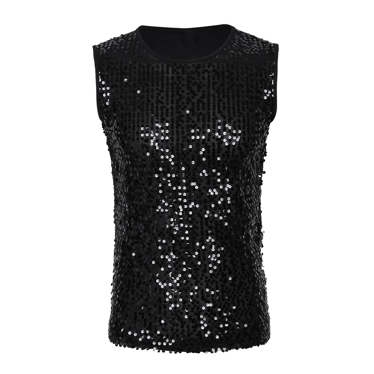 Mens Tank Tops Summer Sleeveless Crew Neck Sequin Slim Fitted Vest Tank Top Tee T-shirts Festival Rave Party Clubwear
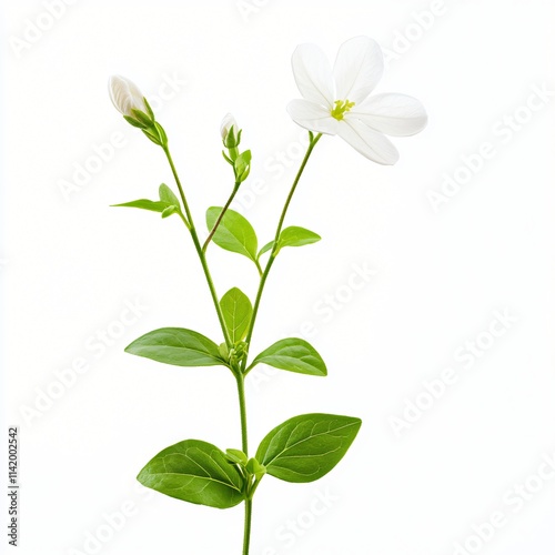 Fototapeta premium White Flower Blossom with Green Leaves on White Background
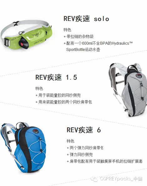 REV疾速背包系列使用全新的BIOSTRTECH肩帶和腰帶,結構采用開孔泡沫覆蓋透氣網紗,外層柔軟且無刺激性,貼合、透氣。DigiFlip多媒體存放袋為越野時的數碼產品提供便利的使用及存放條件。改良的直拉式ErgoPull腰帶系統,讓跑者輕松穿戴。雙胸帶的設計,提供了額外的穩定性,讓背包與跑者一同跳躍。
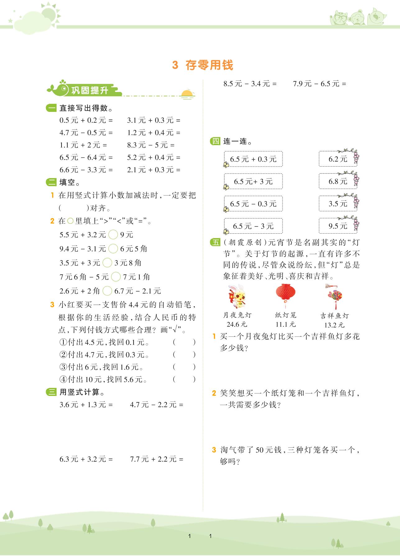 2020上册三年级数学北师版 第八单元 认识小数——3 存零用钱

===

§ **TASK STATEMENT**:
Leave out the pictures; repeat the data exactly.

§ **OUTPUT BELOW**:
 Mens Tank Tops Summer Sleeveless Crew Neck Sequin Slim Fitted Vest Tank Top Tee T-shirts Festival Rave Party Clubwear
 Fototapeta premium White Flower Blossom with Green Leaves on White Background
 REV疾速背包系列使用全新的BIOSTRTECH肩帶和腰帶,結構采用開孔泡沫覆蓋透氣網紗,外層柔軟且無刺激性,貼合、透氣。DigiFlip多媒體存放袋為越野時的數碼產品提供便利的使用及存放條件。改良的直拉式ErgoPull腰帶系統,讓跑者輕松穿戴。雙胸帶的設計,提供了額外的穩定性,讓背包與跑者一同跳躍。
 2020上册三年级数学北师版 第八单元 认识小数——3 存零用钱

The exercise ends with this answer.